**What you should do:**
Every line of the listing below from the one with "womens - black" up to and including the one with "When I have" should be retyped exactly, and nothing else; pictures are not part of the copy.

[Start of Attachment]

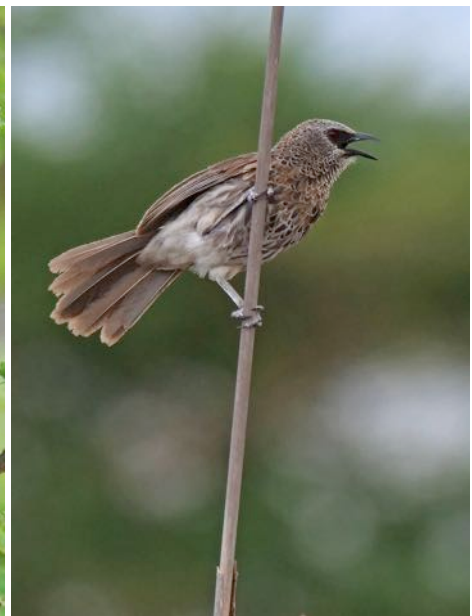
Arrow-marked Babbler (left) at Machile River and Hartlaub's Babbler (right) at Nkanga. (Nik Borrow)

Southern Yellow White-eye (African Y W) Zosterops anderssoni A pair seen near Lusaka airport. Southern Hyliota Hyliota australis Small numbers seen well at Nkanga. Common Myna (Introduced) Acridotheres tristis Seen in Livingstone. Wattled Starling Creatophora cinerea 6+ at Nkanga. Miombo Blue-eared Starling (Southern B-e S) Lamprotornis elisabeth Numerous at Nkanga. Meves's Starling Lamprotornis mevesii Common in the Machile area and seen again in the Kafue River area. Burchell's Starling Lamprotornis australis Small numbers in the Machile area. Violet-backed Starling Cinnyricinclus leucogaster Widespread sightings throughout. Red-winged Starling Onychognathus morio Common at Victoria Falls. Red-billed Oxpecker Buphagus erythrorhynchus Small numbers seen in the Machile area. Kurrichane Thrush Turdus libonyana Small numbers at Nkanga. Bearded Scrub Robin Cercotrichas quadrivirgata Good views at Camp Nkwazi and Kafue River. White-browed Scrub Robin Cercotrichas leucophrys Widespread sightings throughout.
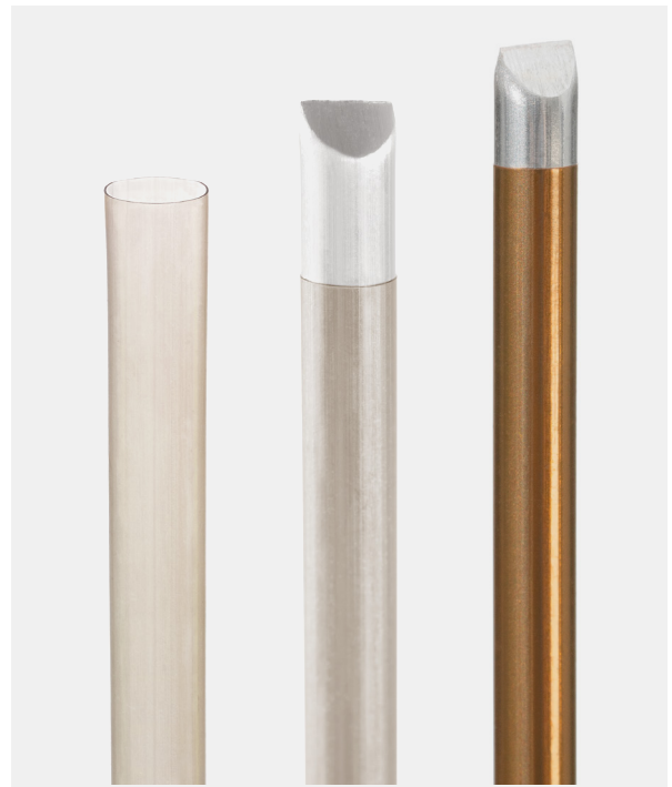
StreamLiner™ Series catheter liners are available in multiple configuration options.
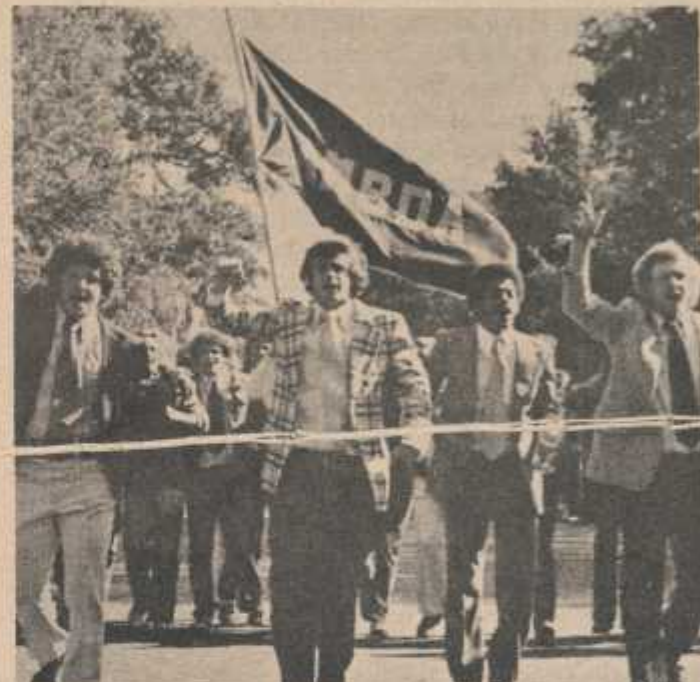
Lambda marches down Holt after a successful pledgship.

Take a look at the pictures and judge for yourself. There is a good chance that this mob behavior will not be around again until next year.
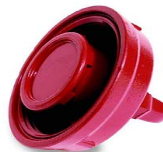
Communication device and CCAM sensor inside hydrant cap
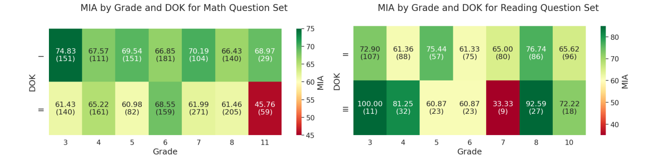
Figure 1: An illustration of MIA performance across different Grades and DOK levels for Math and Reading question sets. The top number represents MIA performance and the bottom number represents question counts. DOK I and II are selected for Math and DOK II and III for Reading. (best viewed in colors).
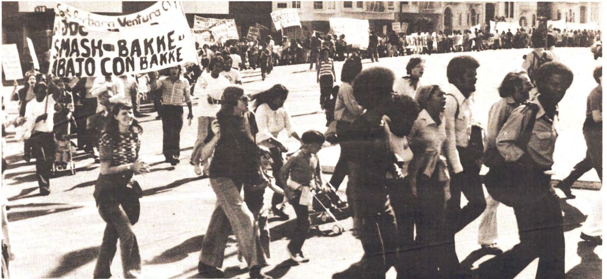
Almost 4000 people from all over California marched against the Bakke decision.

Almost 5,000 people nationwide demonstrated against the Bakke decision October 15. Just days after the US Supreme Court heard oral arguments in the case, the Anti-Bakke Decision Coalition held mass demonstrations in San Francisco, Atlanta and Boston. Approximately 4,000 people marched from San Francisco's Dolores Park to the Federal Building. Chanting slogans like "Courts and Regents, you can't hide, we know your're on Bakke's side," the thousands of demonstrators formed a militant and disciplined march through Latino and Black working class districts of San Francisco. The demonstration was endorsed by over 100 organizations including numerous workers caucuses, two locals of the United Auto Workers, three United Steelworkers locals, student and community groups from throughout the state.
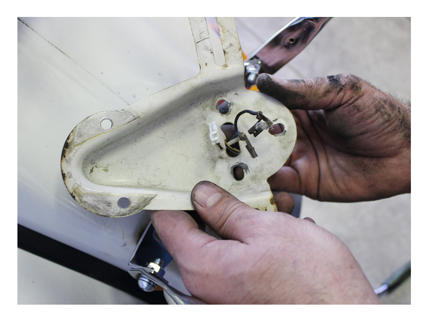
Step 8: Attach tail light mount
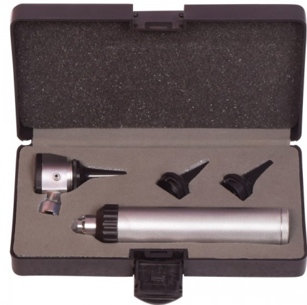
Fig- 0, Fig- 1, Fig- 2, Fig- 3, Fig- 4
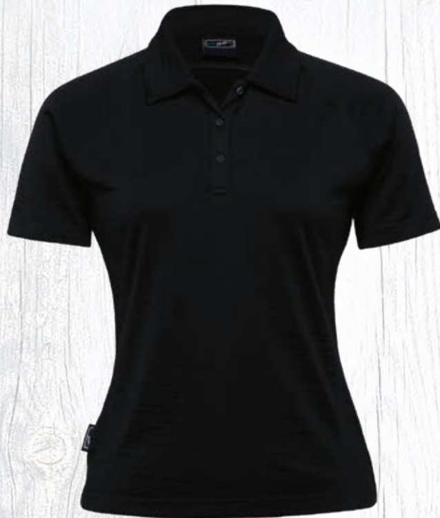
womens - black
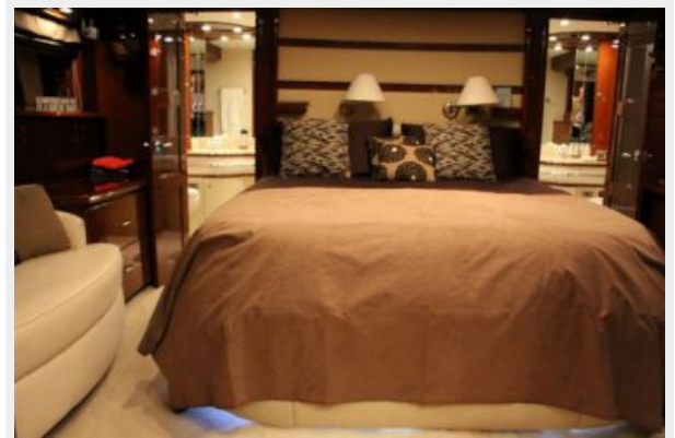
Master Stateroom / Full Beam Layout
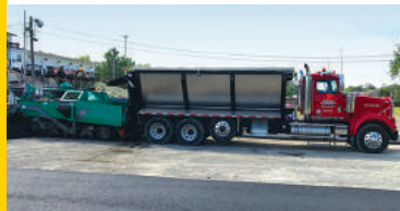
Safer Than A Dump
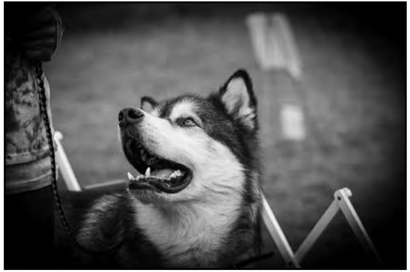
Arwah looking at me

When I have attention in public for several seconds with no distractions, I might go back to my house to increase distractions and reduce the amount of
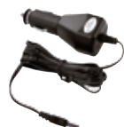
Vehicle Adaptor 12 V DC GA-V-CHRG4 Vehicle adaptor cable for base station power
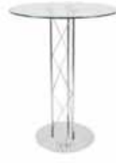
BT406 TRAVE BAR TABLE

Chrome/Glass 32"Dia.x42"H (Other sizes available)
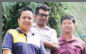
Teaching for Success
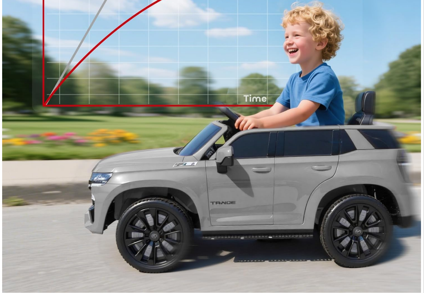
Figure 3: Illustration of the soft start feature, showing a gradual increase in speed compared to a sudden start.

[End of Attachment]
[Start of Attachment]

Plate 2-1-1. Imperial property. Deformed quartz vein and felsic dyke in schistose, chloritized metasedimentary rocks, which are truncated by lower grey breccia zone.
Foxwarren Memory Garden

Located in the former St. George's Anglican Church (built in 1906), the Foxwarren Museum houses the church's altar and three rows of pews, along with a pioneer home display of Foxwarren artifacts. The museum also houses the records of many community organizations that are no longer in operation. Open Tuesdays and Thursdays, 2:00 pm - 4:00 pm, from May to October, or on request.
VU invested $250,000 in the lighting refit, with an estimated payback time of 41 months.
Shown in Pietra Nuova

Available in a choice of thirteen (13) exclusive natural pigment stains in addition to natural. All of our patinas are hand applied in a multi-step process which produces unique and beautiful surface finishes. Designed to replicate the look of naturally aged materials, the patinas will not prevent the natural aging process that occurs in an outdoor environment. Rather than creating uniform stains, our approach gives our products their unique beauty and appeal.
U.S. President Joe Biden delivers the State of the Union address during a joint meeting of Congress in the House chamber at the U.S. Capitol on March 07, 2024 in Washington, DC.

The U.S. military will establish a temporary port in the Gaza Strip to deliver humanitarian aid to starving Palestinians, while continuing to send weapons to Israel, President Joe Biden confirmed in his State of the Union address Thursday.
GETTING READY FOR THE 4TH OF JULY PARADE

[End of Attachment]
[Start of Attachment]

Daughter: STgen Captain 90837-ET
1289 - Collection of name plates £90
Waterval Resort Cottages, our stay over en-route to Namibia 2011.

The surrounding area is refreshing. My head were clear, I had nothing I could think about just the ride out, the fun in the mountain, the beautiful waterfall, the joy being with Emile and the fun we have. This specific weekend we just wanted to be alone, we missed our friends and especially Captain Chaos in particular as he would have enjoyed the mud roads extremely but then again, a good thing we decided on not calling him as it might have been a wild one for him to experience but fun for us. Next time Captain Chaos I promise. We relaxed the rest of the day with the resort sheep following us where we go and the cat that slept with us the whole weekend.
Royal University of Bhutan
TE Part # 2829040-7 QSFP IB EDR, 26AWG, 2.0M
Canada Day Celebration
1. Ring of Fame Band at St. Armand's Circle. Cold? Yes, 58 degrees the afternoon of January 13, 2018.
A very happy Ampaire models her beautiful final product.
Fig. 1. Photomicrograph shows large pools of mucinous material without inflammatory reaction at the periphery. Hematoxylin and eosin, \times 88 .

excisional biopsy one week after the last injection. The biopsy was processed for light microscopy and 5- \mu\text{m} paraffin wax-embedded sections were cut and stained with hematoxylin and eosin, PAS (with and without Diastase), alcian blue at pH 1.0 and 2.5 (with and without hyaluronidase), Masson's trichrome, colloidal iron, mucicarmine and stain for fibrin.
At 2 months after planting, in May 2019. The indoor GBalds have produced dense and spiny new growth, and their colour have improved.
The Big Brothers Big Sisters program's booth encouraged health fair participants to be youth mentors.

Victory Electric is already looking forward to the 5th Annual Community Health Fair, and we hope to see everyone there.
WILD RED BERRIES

[End of Attachment]

**Output for this exercise:**
womens - black
Master Stateroom / Full Beam Layout
Safer Than A Dump
Arwah looking at me

When I have attention in public for several seconds with no distractions, I might go back to my house to increase distractions and reduce the amount of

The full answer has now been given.